* **Exercise goal**
Copy, word for word, the lines below from the one containing "A classic Berlin" up to and including the one containing "ΔE Greyscale Calman: 3.13", with pictures left out.

* **Listed entries**
****************
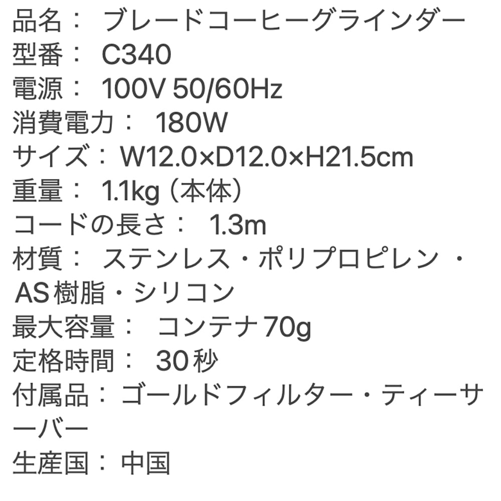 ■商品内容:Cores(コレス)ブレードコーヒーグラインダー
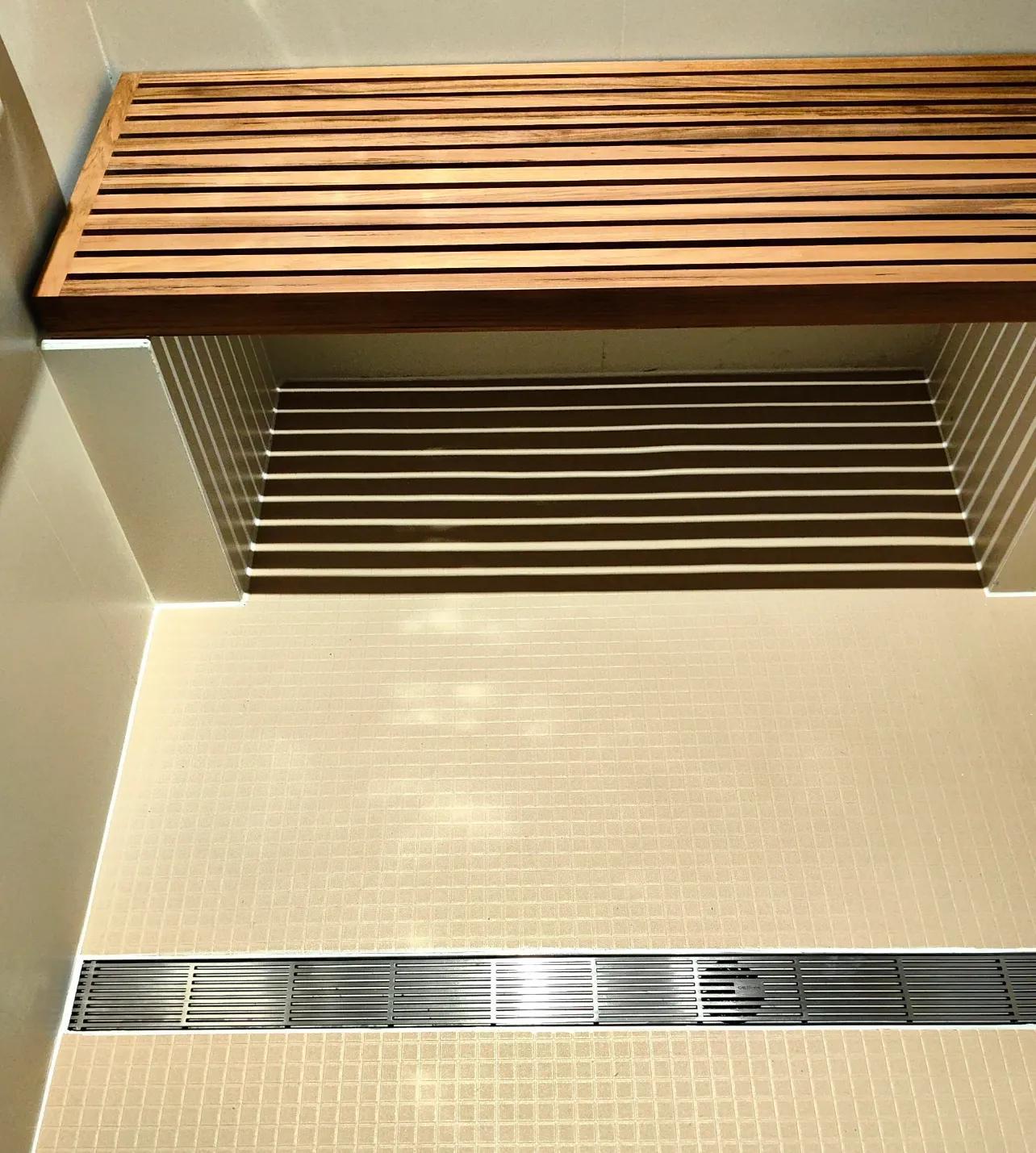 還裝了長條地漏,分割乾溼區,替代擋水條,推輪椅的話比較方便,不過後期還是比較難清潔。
****************
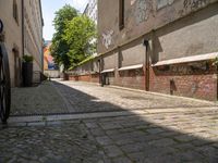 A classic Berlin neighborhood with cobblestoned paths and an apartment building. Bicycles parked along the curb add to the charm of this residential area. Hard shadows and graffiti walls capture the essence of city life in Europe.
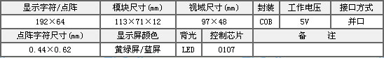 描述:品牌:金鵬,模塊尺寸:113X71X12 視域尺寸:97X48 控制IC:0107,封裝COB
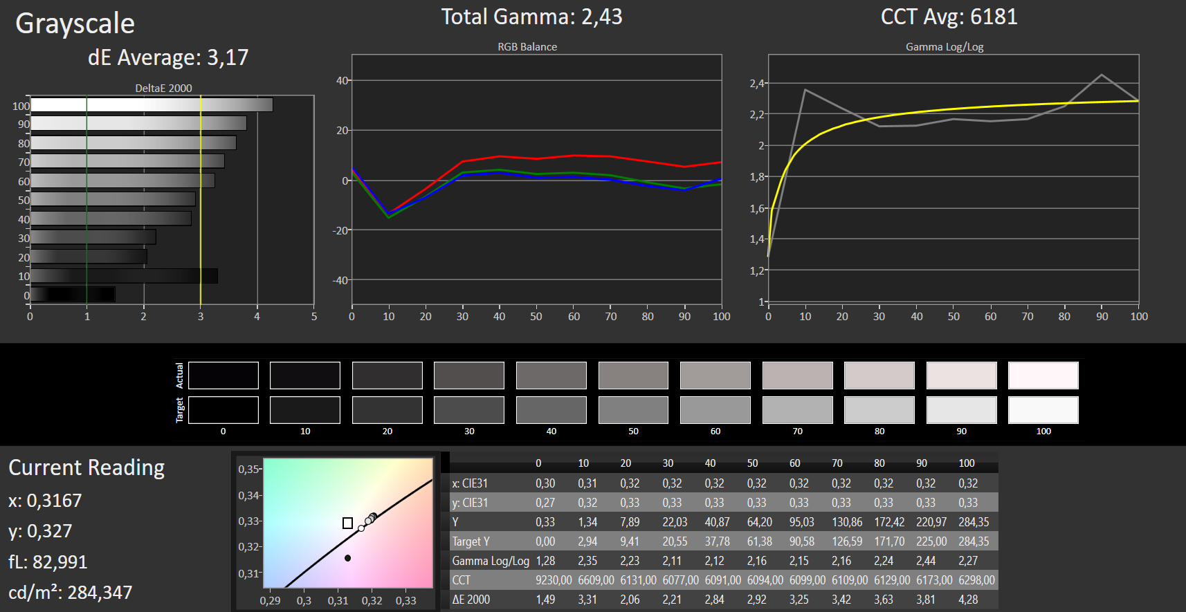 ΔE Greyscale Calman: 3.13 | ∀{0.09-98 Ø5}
****************
* **Final answer**
 A classic Berlin neighborhood with cobblestoned paths and an apartment building. Bicycles parked along the curb add to the charm of this residential area. Hard shadows and graffiti walls capture the essence of city life in Europe.
 描述:品牌:金鵬,模塊尺寸:113X71X12 視域尺寸:97X48 控制IC:0107,封裝COB
 ΔE Greyscale Calman: 3.13 | ∀{0.09-98 Ø5}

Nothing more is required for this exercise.